酒の入ったコップを片手に女性の胸を愛撫している男の姿、或いは、別々の男に唇を好きなように吸われている女の姿が、朋子の眼前にあった。

こんな痴態を繰り広げることが今夜の目的だったのだ。村岡の言葉を朋子は、素直に認めないわけにはいかなかった。

互いに楽しみあう参加者の中で、三原だけが1人少し離れた場所で、悠々と酒を飲んでいる。彼は、村岡にいじめられる朋子の様子をじっと見つめていた。
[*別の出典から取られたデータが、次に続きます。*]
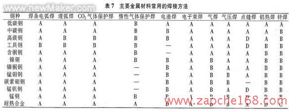 表7列出了主要金属材料常用的焊接方法,供产品设计及工艺人员选择时参考。
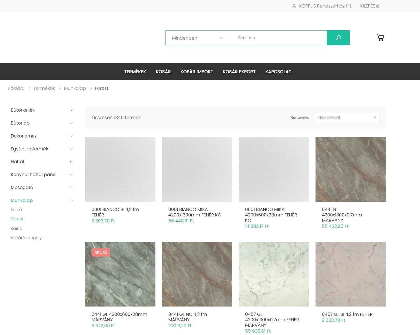 A KORPUS WEBORDER termékeinek, árkategóriáinak és partnereinek karbantartása történhet automatikusan a KORPUS WAREHOUSE modullal történő szinkronizálás során, vagy ennek hiányában egy Excel kompatibilis állományból történő feltöltéssel.
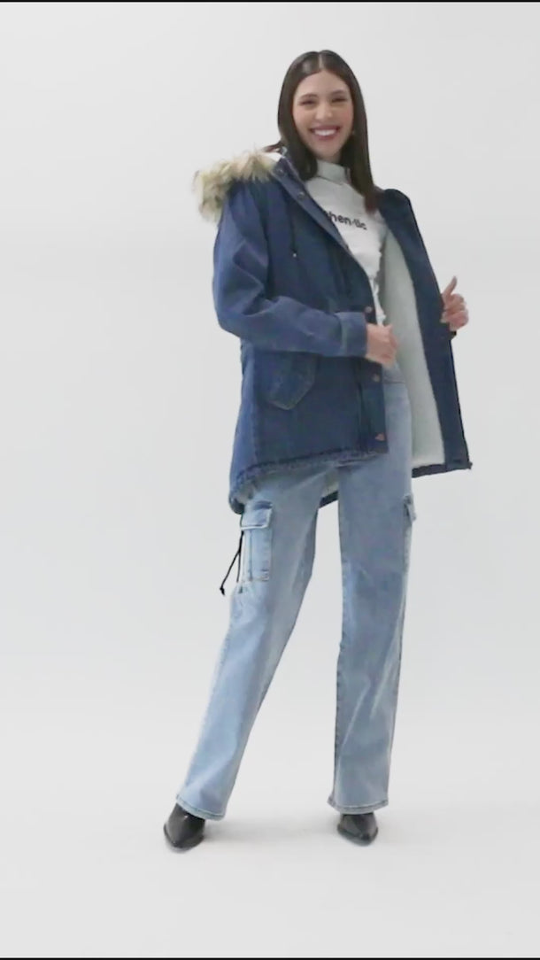 Chamarra Parka Denim con Capucha

「お願いします・・・・・、こんなこと止めさせてください・・・・・・」
朋子はその老人の良心を信じるように、彼を見てそう訴えた。三原は少し迷った様子を見せながら、座ったままで村岡に声をかけた。

「あんた、あんまりいじめちゃ可哀相だぞ、奥さんが・・・・・」
三原のその言葉が朋子にはありがたがったが、しかし、彼はどこか自分の気持ちを誤魔化しているようにも見えた。

村岡の行為がエスカレートしていくのを、本音では期待しているのではないか。朋子は、三原の表情にそんな願望が漂っているような気がした。

「じいさんは黙って見てればいいだろう」
「今年もこの会を乱すつもりなら、今度こそ除名するぞ、あんた」

非礼な村岡の言葉に立腹するように、三原が少し声を荒げた。村岡は、朋子の予想に反し、少し萎縮した様子を見せた。
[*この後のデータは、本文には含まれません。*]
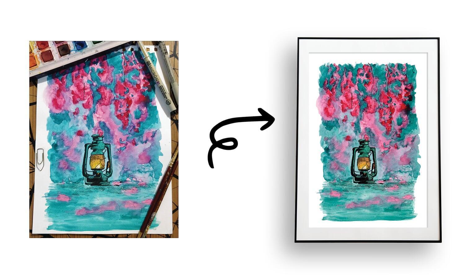 The composition might emphasise the play of light and shadow, with the lamp casting a radiant pool of light in a dim environment. The saying "Everything is black & white, without light" incorporated into the painting, serves as a metaphorical and contemplative message. It implies that light is not only a source of illumination but also a metaphor for clarity, understanding, and perspective. Without light, the world appears monochromatic and lacking depth. The combination of the light lamp and the message reinforces the idea of the profound impact of light in our perception of the world. The blend of detailed pen work and the soft, evocative qualities of watercolours created a visually captivating and emotionally resonant artwork. It inspires viewers to consider the importance of light in our lives, not only as a source of physical illumination but also as a symbol of knowledge, insight, and enlightenment.

「まあそう怒るなよ、じいさん。何も俺はこの奥さんに乱暴しようとしてるわけじゃないんだよ。あんたらがしてたことを真似してるだけだよ」

「わしらはそこまで酷い事をしとらんだろう・・・・・・」
「だったら奥さんに聞いてやろうか? 奥さん、俺が来る前に、三原のおっさん達に何をされてたんだ?」

朋子は言葉に詰まった。軽いお触りを許していた自分を認めるのは嫌だった。村岡に隙を見せてしまうようなものだ。
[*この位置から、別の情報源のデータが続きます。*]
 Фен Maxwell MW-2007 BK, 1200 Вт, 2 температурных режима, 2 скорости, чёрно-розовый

「まあそういじめるな、奥さんを。わしらが勝手に奥さんの体に手を伸ばしてただけだよ。あんたの行為は明らかに行き過ぎとるぞ」

背後にいる村岡が力を緩めている隙に、朋子は外されたシャツのボタンを素早くかけなおした。スカートにその裾を入れようとした彼女の手首を、村岡が掴む。

「わかったよ。じゃあおとなしく触る程度ならいいんだろう?」
村岡はそう言うと、不機嫌そうにテーブルのビールに手を伸ばした。三原が少し安堵した様子で、朋子に声をかける。

「奥さん、申し訳ないですなあ。東京では許されないかと思いますが、ここは田舎ですからこんな風なんですよ。少しばかり堪忍してやってください」

朋子は、三原に小さく会釈をし、礼を述べた。しかし、彼の言葉が、村岡が自分の体にある程度触れることを許したものであることを、朋子は勿論理解していた。

あと何分程度、この会は続くのだろうか。朋子は腕時計を見た。8時を少し回ったところだった。

「奥さん、飲みなおしましょうか?」
悪びれた様子もなく、村岡は隣に座り直した朋子をそう誘った。そして再び、その人妻の脇腹に手を伸ばし、シャツの上からいやらしく撫でる。

「もうやめてくださいっ・・・・・・・」
「東京のホステスなら、この程度のことされても文句は言わないだろう?」

この島の食事会では女性が男を接待するのだ、という決め事を改めて教える科白だった。三原の言葉もあり、朋子は強く抵抗することができない。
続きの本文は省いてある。